• _WORK TO BE COMPLETED_: Return the listing in full and exactly, but without a single picture.

___ DATA BLOCK ___

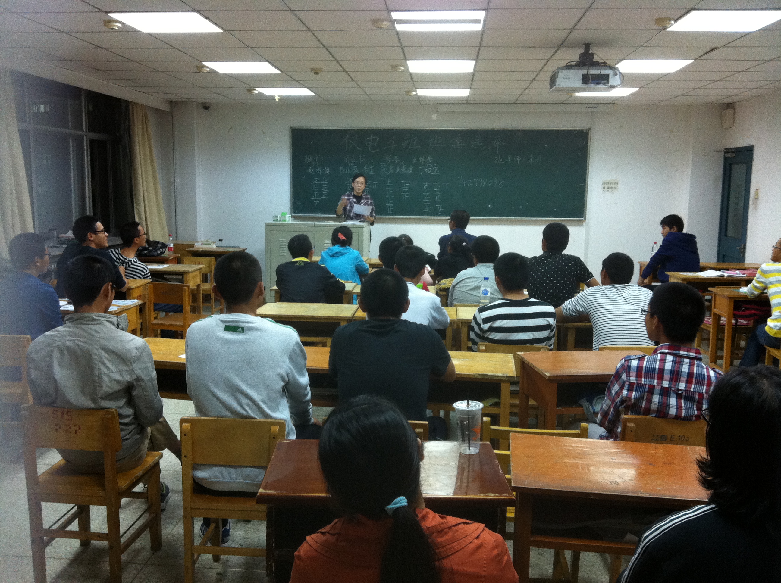 班会共分两个部分:班委竞选演讲;班导师讲话。首先是精彩的竞选演讲。竞选人按照班长、团支书、学习委员、文体委员的顺序依次上台介绍自己的经验、个人能力等,然后陈述自己对于竞选职位的理解以及对班级未来的期望。竞选人都展现了自己不俗的能力以及独特的魅力,都表现出对班集体的热爱,愿意为班集体奉献出自己的力量,并承诺今后将为班级作出自己的贡献。演讲结束后,为确保选举的公平公正,采用无记名投票的方式投票。每位同学都经过了仔细的思考后写下了心目中班委的名字。经过统计,由2010级学长宣布了最后的统计结果。竞选成功的班委同学依次做了诚挚的就职演讲,都对各位同学的支持信任表示感谢,并承诺今后会做得更好。最后,由各班班导师总结了这次班会。并表达了对同学们新学期、新环境中的极大期望,给了同学们极大的鼓励。
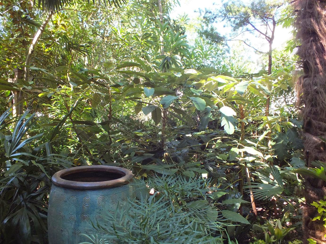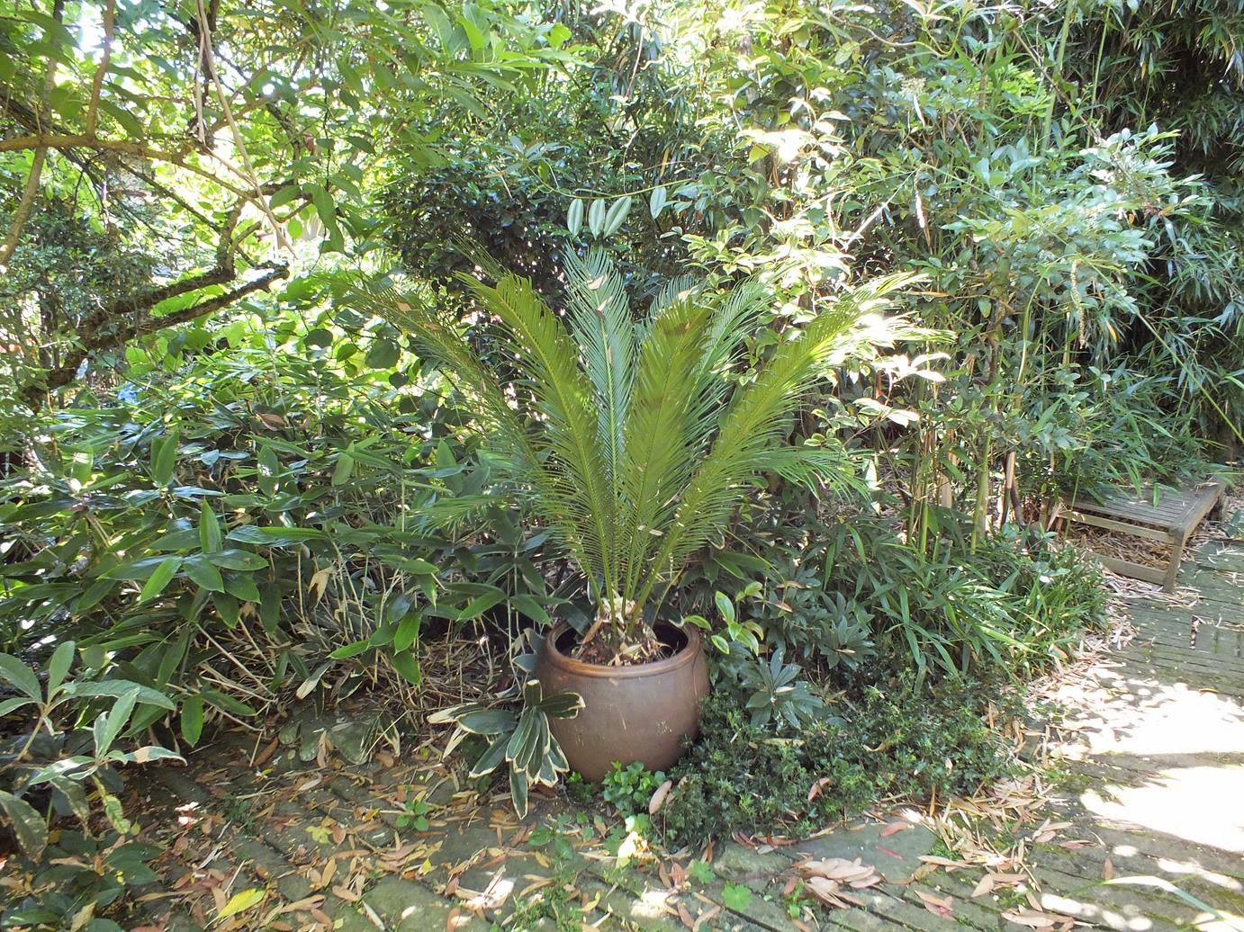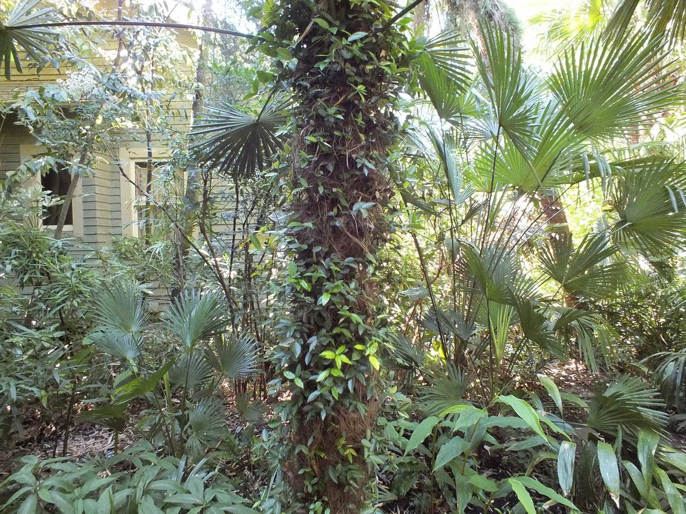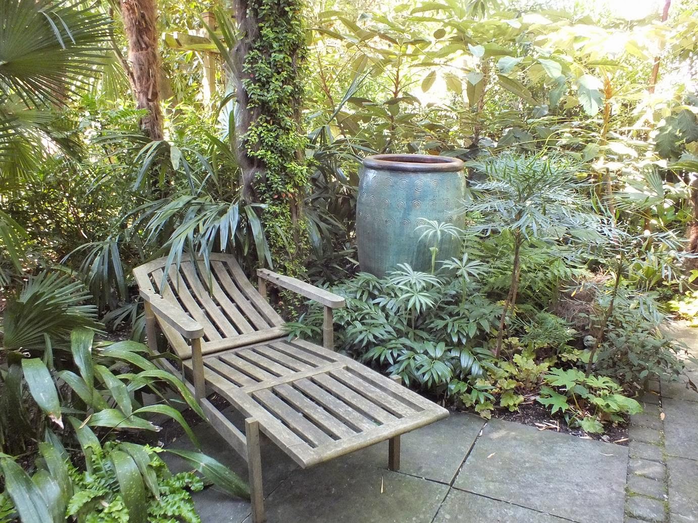 | With very tall Trachycarpus and other plants giving canopy, privacy, and sense of enclosure to the space |
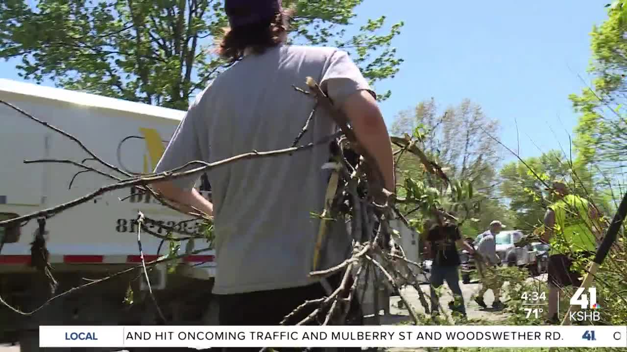 Church members helped all across town, including hauling trees from neighbor Jenna Schwarting's yard.

___

• _RESULT FOR THIS EXERCISE_:
 班会共分两个部分:班委竞选演讲;班导师讲话。首先是精彩的竞选演讲。竞选人按照班长、团支书、学习委员、文体委员的顺序依次上台介绍自己的经验、个人能力等,然后陈述自己对于竞选职位的理解以及对班级未来的期望。竞选人都展现了自己不俗的能力以及独特的魅力,都表现出对班集体的热爱,愿意为班集体奉献出自己的力量,并承诺今后将为班级作出自己的贡献。演讲结束后,为确保选举的公平公正,采用无记名投票的方式投票。每位同学都经过了仔细的思考后写下了心目中班委的名字。经过统计,由2010级学长宣布了最后的统计结果。竞选成功的班委同学依次做了诚挚的就职演讲,都对各位同学的支持信任表示感谢,并承诺今后会做得更好。最后,由各班班导师总结了这次班会。并表达了对同学们新学期、新环境中的极大期望,给了同学们极大的鼓励。
 | With very tall Trachycarpus and other plants giving canopy, privacy, and sense of enclosure to the space |
 Church members helped all across town, including hauling trees from neighbor Jenna Schwarting's yard.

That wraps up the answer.